Dror Y. Kenett, Matthias Raddant, Thomas Lux and Ben-Jacob, Eshel

No 1739, Kiel Working Papers from Kiel Institute for the World Economy (IfW)

Abstract: In the current era of strong worldwide market couplings the global financial village became highly prone to systemic collapses, events that can rapidly sweep through out the entire village. Here we present a new methodology to assess and quantify inter-market relations. The approach is based on the correlations between the market index, the index volatility, the market Index Cohesive Force and the meta-correlations (correlations between the intra-correlations.) We investigated the relations between six important world markets - U.S., U.K., Germany, Japan, China and India from January 2000 until December 2010. We found that while the developed western'' markets (U.S., U.K., Germany), are highly correlated, the interdependencies between these markets and the developing eastern'' markets (India and China) are very volatile and with noticeable maxima at times of global world events (2001: 9/11-attacks, 2003: Iraq war, SARS, etc).
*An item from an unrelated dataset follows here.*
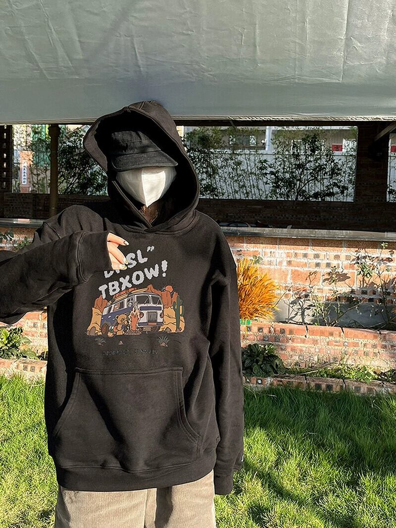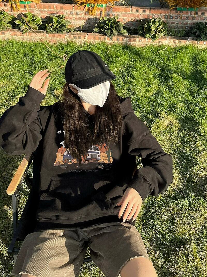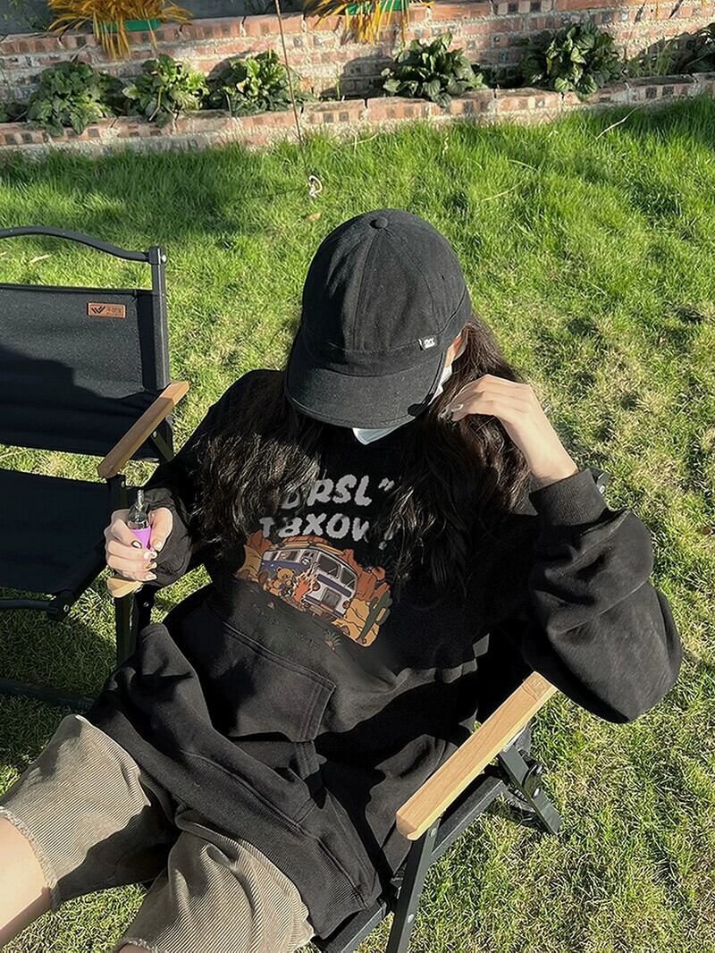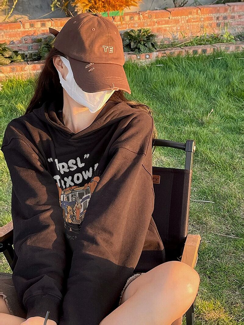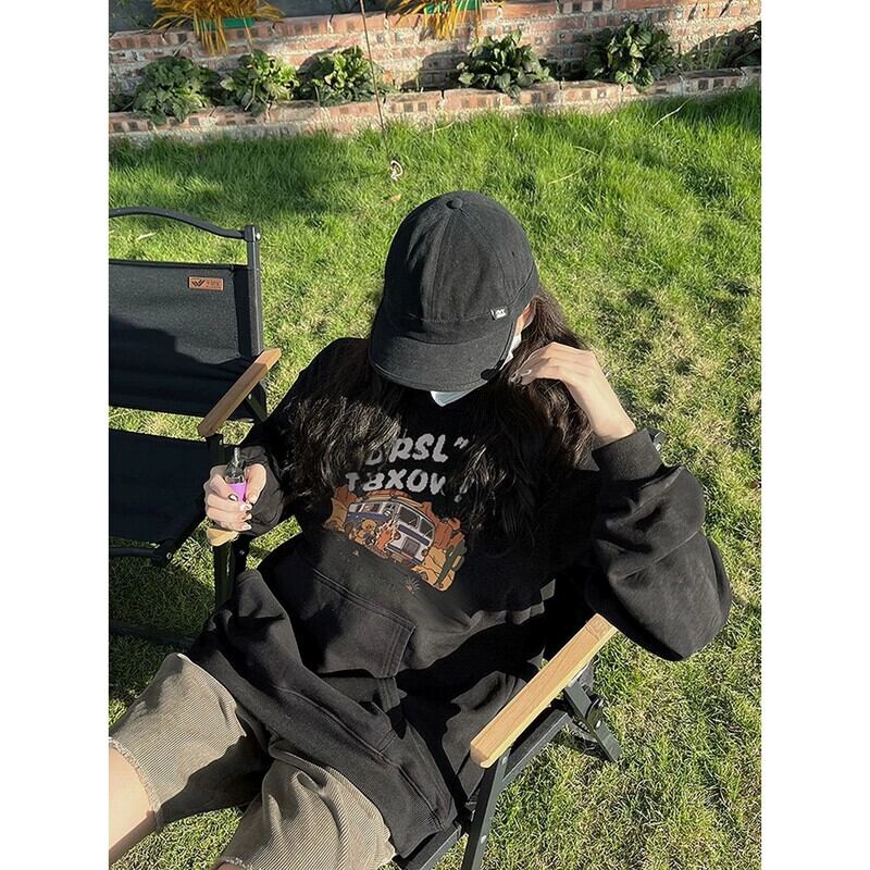 ミッドレングスプルオーバーフード付きスウェットシャツ女性 2023 新しい人気の春と秋のデザインゆるい怠惰なプリントトップ スプリング 春物 オータム 秋物 7460053678256204 | framboise21

The Japanese market switches identity'' - it switches between periods of high meta-correlations with the western'' markets and periods that it behaves more similar to the eastern'' markets. These and additional reported findings illustrate that the methodological framework provides a way to quantify the evolvement of interdependencies in the global market, to evaluate a world financial network and quantify changes in the world inter market relations. Such changes can be used as precursors to the agitation of the global financial village. Hence, the new approach can help to develop a sensitive financial seismograph'' to detect early signs of global financial crises so they can be treated before developed into world wide events.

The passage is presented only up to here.